What to produce:
Write out word for word each line of the records, beginning at the first and stopping after the line with "The most famous". Leave the pictures out.

Stored dataset items
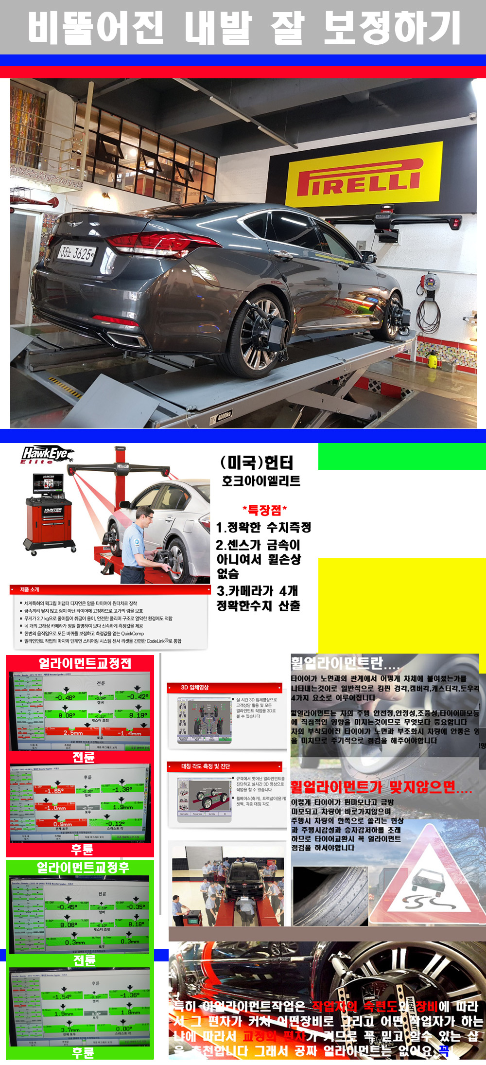 자사는 얼라이먼트정렬시 교정전 교정후를 구분하여 고객님께 직접 이수치값을 확인시켜드리고 작업을 하며 이후 각각의 특성을 가진 타이어들에 대해서 설명 및 관리요령 운전요령 같이 설명해드리고 있습니다
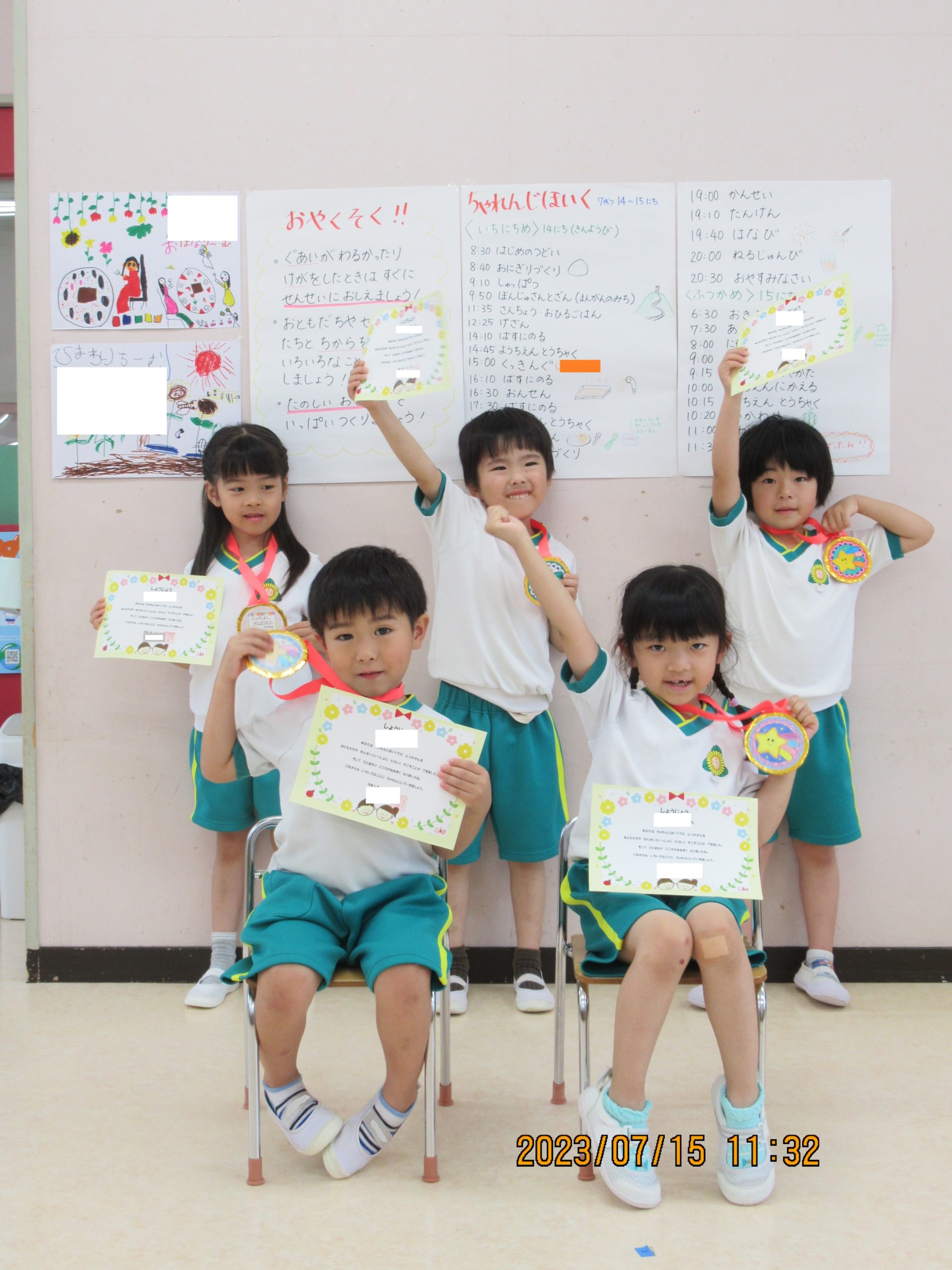 お家の人が協力してくれたメダルをもらうとみんないい笑顔に😊
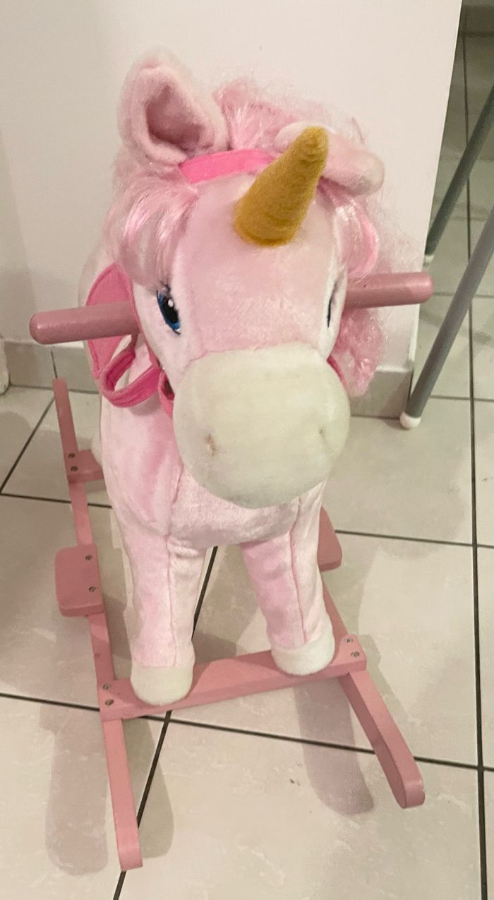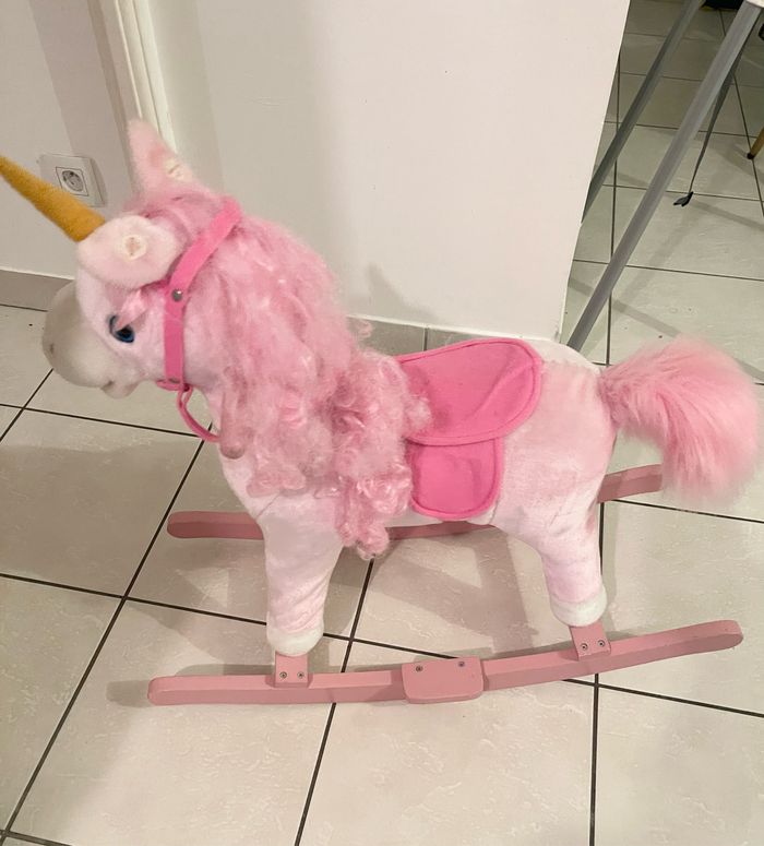 Vend licorne à bascule en bois. Chante et remue sa queue lorsqu’on appuie sur ses oreilles. A venir récupérer a Athis Mons 91200
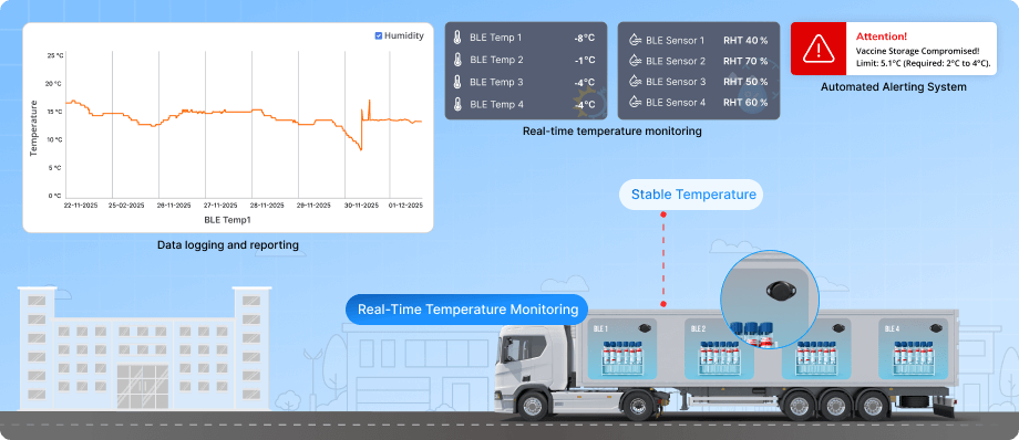 Safe and effective distribution of pharmaceutical products is critical to ensure patient safety and well-being. Temperature is an essential component of this process, as many medications and vaccines require strict temperature controls to maintain their efficacy. In this use case, we will explore how temperature monitoring is used in pharma product distribution, as well as the challenges and solutions associated with this process.
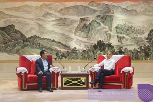 ▲ 范锐平书记(右)会见王济武董事长
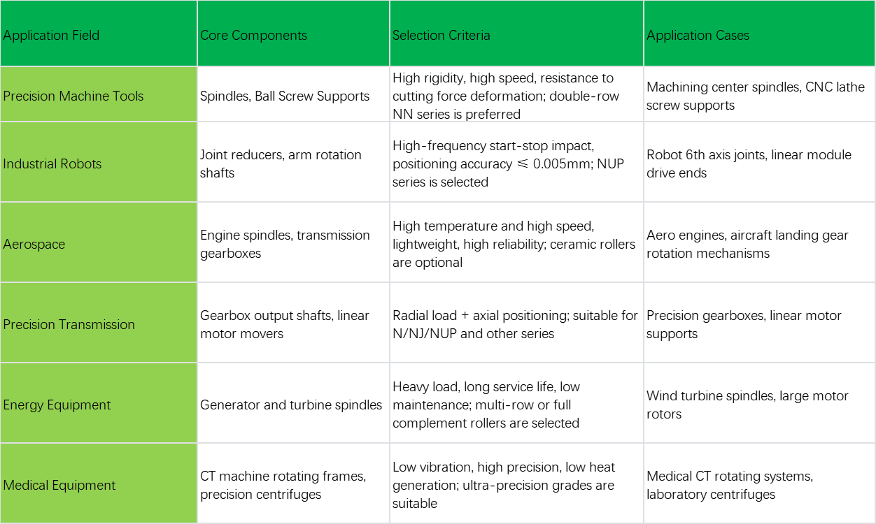 1. Reine radiale Schwerlast + hohe Drehzahl: Wählen Sie einreihige Präzisions-Zylinderrollenlager der Serien N/NU, wobei Sie sich auf das Käfigmaterial und die Schmierstoffabstimmung konzentrieren sollten.
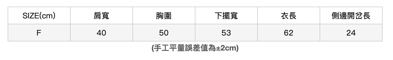 肩寬40/胸圍75/腰圍61/臀寬86(cm)
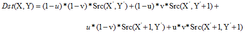 2、双线性:由相邻的四像素(2*2)计算得出,公式,
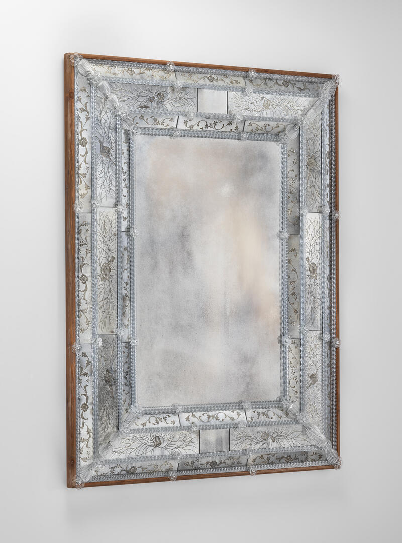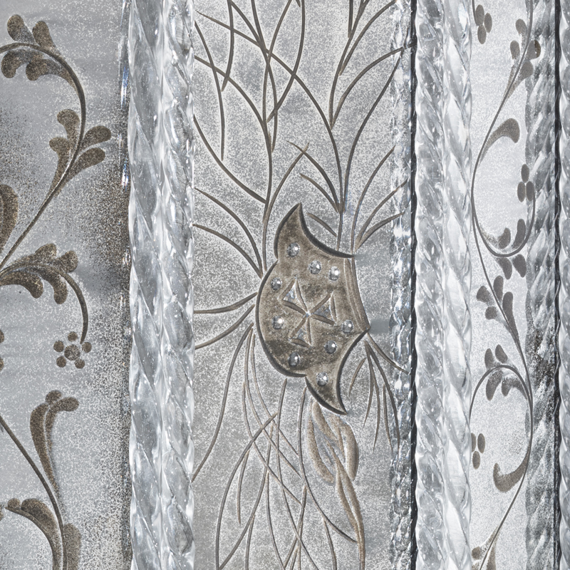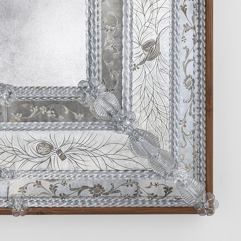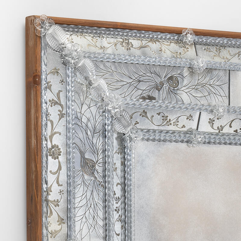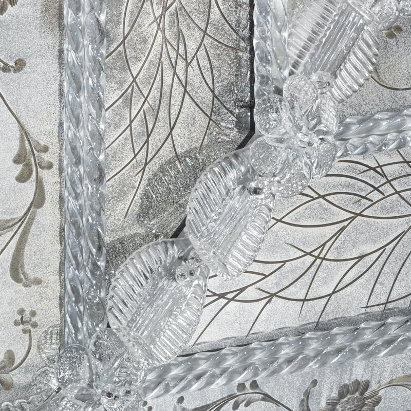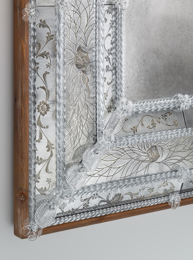 The most famous characters are the typical engraved curl finishings together with the depiction of Bacco, Justice or the well-know Venetian Eighteenth-century Dama and Cavaliere. Crystal colored Murano decorative flowers, leaves, twisted ropes and multicoloured glass paste rosettes embellish each Venetian mirror. The result is a unique item comparable to a work of art for craftsmanship and excellence in its execution.
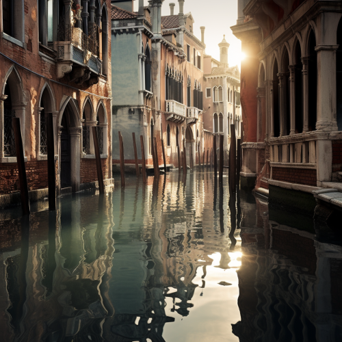 photography of the serene cityscape of Venice, Italy, with the San Giorgio Maggiore in the background. The calm waters reflect the grand buildings, while wooden poles depicts roman statues. A long exposure creates sottness in the water and sky, adding depth and contrast to the scene. This photograph captures the beauty and tranquility that makes the Venetian style iconic. --ar 16:9
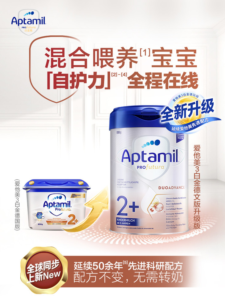 德国爱他美(Aptamil)白金版2+段奶粉800g
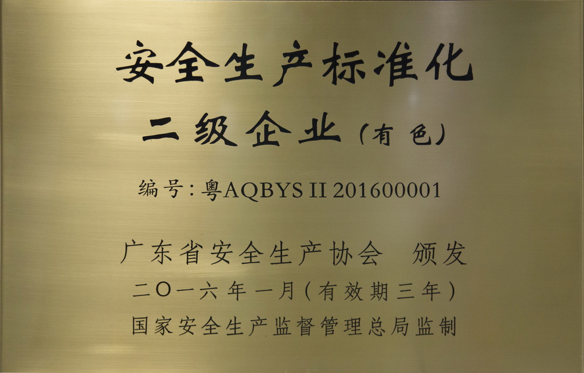 • 2016年1月 安全生產(chǎn)標(biāo)準(zhǔn)化二級(jí)企業(yè)(有色) (廣東省安全生產(chǎn)協(xié)會(huì))
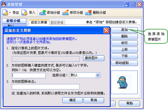 2.点击“添加”,在弹出窗口中,添加制作好的表情图片。可一次添加一个或多个表情图片。单个添加的表情可为其命名和定制快捷方式,批量添加时,系统将默认使用文件名做为图片名称和快捷键。表情文件默认添加到“默认”组中。

Solution:
 자사는 얼라이먼트정렬시 교정전 교정후를 구분하여 고객님께 직접 이수치값을 확인시켜드리고 작업을 하며 이후 각각의 특성을 가진 타이어들에 대해서 설명 및 관리요령 운전요령 같이 설명해드리고 있습니다
 お家の人が協力してくれたメダルをもらうとみんないい笑顔に😊
 Vend licorne à bascule en bois. Chante et remue sa queue lorsqu’on appuie sur ses oreilles. A venir récupérer a Athis Mons 91200
 Safe and effective distribution of pharmaceutical products is critical to ensure patient safety and well-being. Temperature is an essential component of this process, as many medications and vaccines require strict temperature controls to maintain their efficacy. In this use case, we will explore how temperature monitoring is used in pharma product distribution, as well as the challenges and solutions associated with this process.
 ▲ 范锐平书记(右)会见王济武董事长
 1. Reine radiale Schwerlast + hohe Drehzahl: Wählen Sie einreihige Präzisions-Zylinderrollenlager der Serien N/NU, wobei Sie sich auf das Käfigmaterial und die Schmierstoffabstimmung konzentrieren sollten.
 肩寬40/胸圍75/腰圍61/臀寬86(cm)
 2、双线性:由相邻的四像素(2*2)计算得出,公式,
 The most famous characters are the typical engraved curl finishings together with the depiction of Bacco, Justice or the well-know Venetian Eighteenth-century Dama and Cavaliere. Crystal colored Murano decorative flowers, leaves, twisted ropes and multicoloured glass paste rosettes embellish each Venetian mirror. The result is a unique item comparable to a work of art for craftsmanship and excellence in its execution.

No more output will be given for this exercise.